Vista hacia el oeste.
Me
resisto a entrar del todo en el mundo caótico y extraño que hemos creado, al
que cada vez entiendo menos por mucho que me esfuerce en hacerlo. Y conste que
me esfuerzo. He estado, a Dios gracias, “demasiado” tiempo en las montañas, por
eso me cuesta “bajar al valle”.
Pero he
de decir que entre otros muchos consuelos, que lo hay, me reconforta el saber
que ha habido, hay y habrá otras personas a las que les pasaba, les pasa y les
pasará lo mismo que a mí. Mal de muchos consuelo de tontos; yo sí soy tonto.
Una de
esas personas, que mira por dónde no era tonta, es don Miguel de Unamuno. Ya a
principios del siglo pasado escribió lo que a continuación comparto. Su
experiencia es la mía. Sus sentimientos son los míos. Podéis leerlo, pero hacedlo sin prisa, con calma.
Unos
días en la cumbre silenciosa, en el Santuario de Nuestra Señora. de la Peña de Francia, teniendo a
un lado, al norte, la llanada de Salamanca, como un mar de cálidos matices
sembrado de islas de verdura, los manchones de los encinares, y del otro lado
al sur, las abruptas sierras de las Hurdes , y detrás la sábana de Extremadura.

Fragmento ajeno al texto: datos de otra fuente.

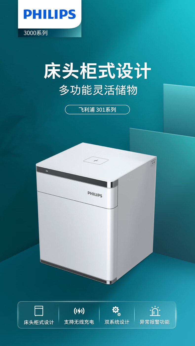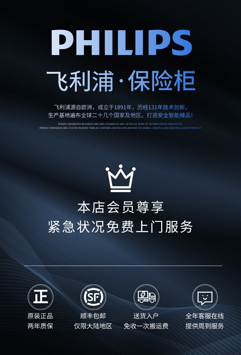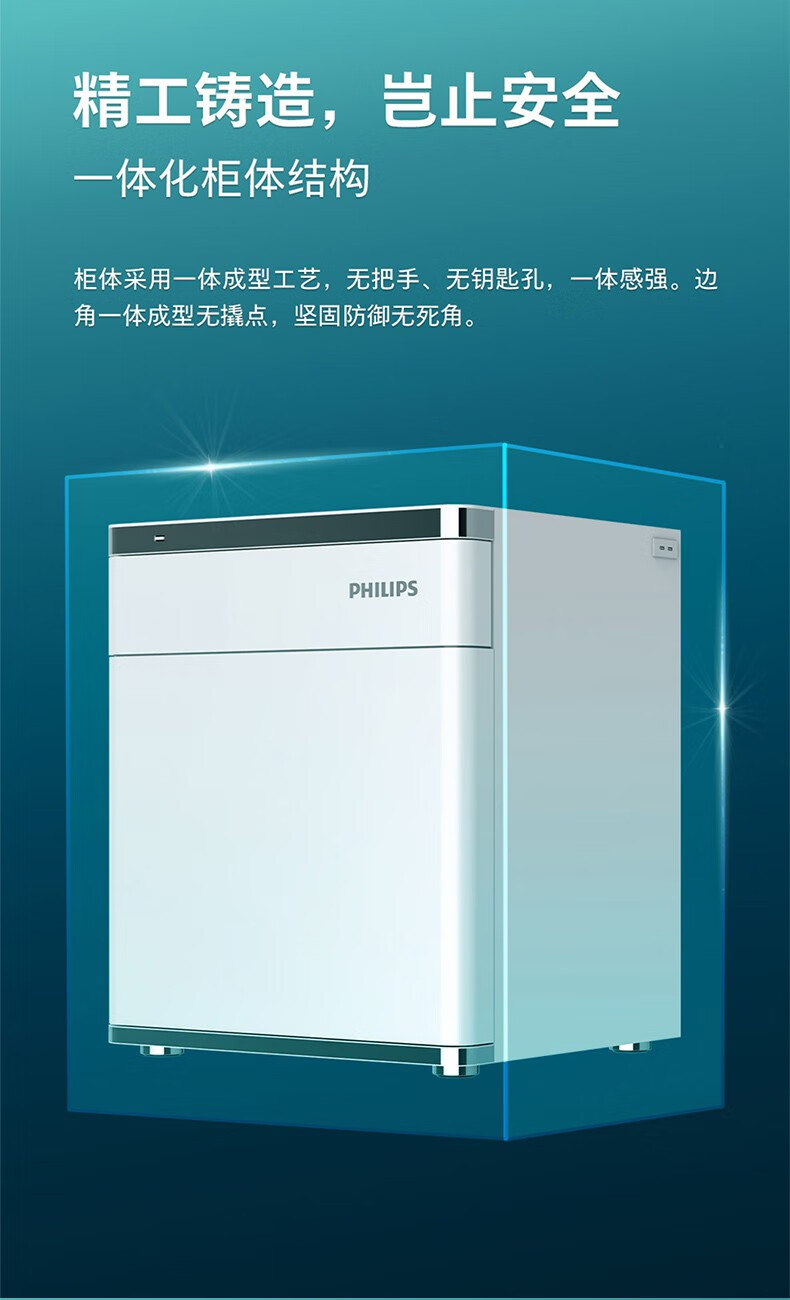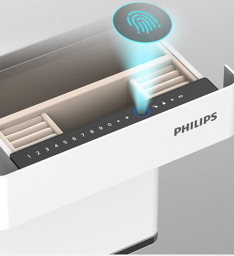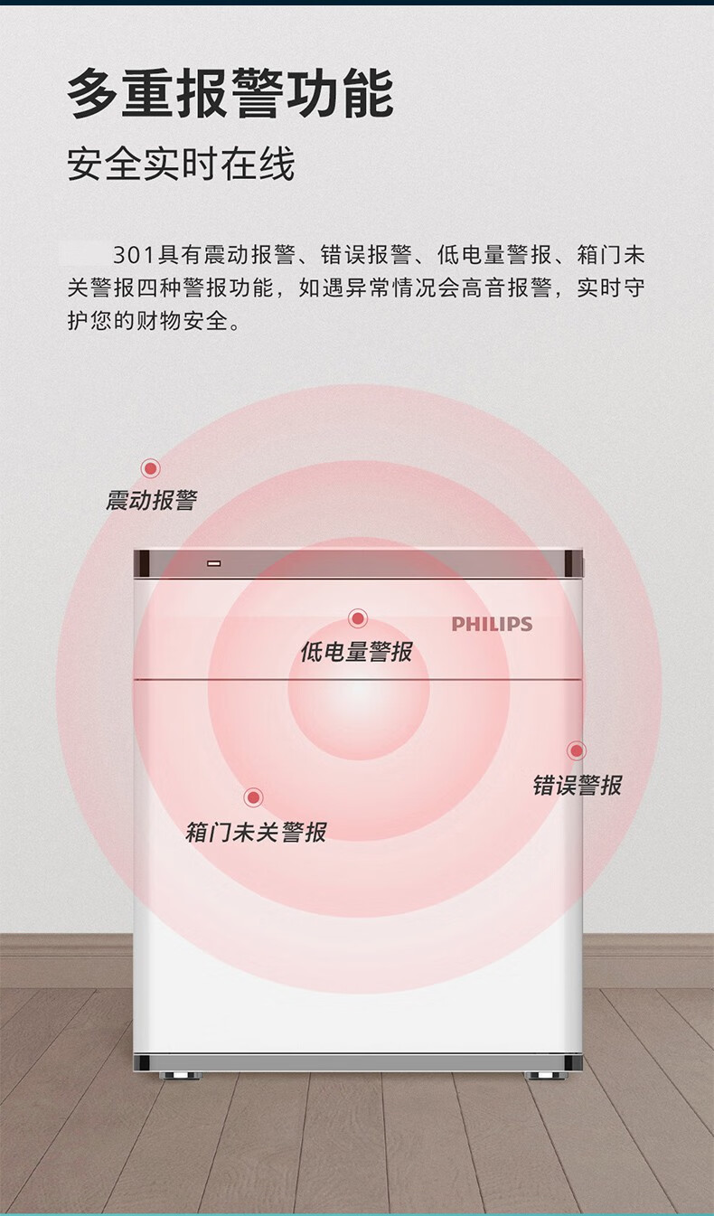 飞利浦保险柜50cm高 可无线充电 指纹保险箱电子密码保管箱家用小型床头入衣柜式保管箱智能保管盒 皓月白

Y al pie los pueblecillos de la sierra de Francia, agazapándose entre castaños,
enviando al cielo limpio el humo de sus hogares, viviendo su vida recogida. Y
allí arriba, en la soledad de la cumbre, entre los enhiestos y duros peñascos,
un silencio divino, un silencio
recreador. Silencio sobre todo.
He
vivido unos días de silencio, de augusto silencio, Ni chirriar de cigarras, ni
gorjear de pájaros, ni balar de ovejas y, sobre todo, nada del rumor
enloqueciente de las atareadas o alborotadas muchedumbres humanas. A ratos el
canto dulce del armonio que en el coro del Santuario tocaba algún dominico de
los que allí arriba, en aquel verdadero sanatorio, se reponen del rudo invierno
de Salamanca.
Subí y
permanecí allí con dos amigos franceses enamorados de esta nuestra inalterable
y casi desconocida España: ésta, la de los rincones adonde aún no llegan ni el
tren ni el automóvil; ésta, que conserva en el alma toda la recia primitividad
del granito sobre que descansa y sueña. ¡Qué sabrosas conversaciones con ellos,
allá arriba, en el seno del silencio, tendidos sobre la cumbre! ¿Creéis acaso
que dos hombres pueden de veras entenderse, no digo ya comprenderse, cuando se
hablan entre el rumor, que de todas partes les llega, de la muchedumbre, entre
el zumbido del enjambre humano atareado o alborotado? ¿Creéis que pueden acaso
llegar a comunión dos almas cuando las rodea el eco del mar humano? En la
ciudad cabe hablar de negocios, de política candente, de sociología, de modas;
pero ¿de las cosas eternas? (Ahora, en este momento, mientras escribo esto, me
llega al oído el grito de un vendedor ambulante que pregona su mercancía, y no
es posible que este grito no se cuele, de un modo o de otro, en lo que voy
escribiendo).
¡Vivir
unos días en el silencio y del silencio, nosotros, los que de ordinario vivimos
en el barullo y del barullo. Parecía que oíamos todo lo que la tierra calla,
mientras nosotros, sus hijos, damos voces para aturdirse con ellas y no oír la
voz del silencio divino. Porque los
hombres gritan para no oírse, para no oírse cada uno a sí mismo, para no oírse
los unos a los otros.
Y el
silencio con la majestad de la montaña,
una montaña desnuda, un levantamiento de las desnudas entrañas de la tierra,
despojadas de su verdor, que dejaron al pie como se deja un vestido, para
alzarse hacia el sol desnudo. La verdura al pie, en el llano, como la vestidura
de que se despoja un mártir para gozar de su martirio. Y el sol desnudo y
silencioso besando con sus rayos a la roca desnuda y silenciosa.
Allí, a
solas con la montaña, volvía mi vista espiritual de las cumbres de aquélla a
las cumbres de mi alma, y de las llanuras que a nuestros pies se tendían a las
llanuras de mi espíritu. Y era forzosamente un examen de conciencia. El sol de
la cumbre nos ilumina los más escondidos repliegues del corazón.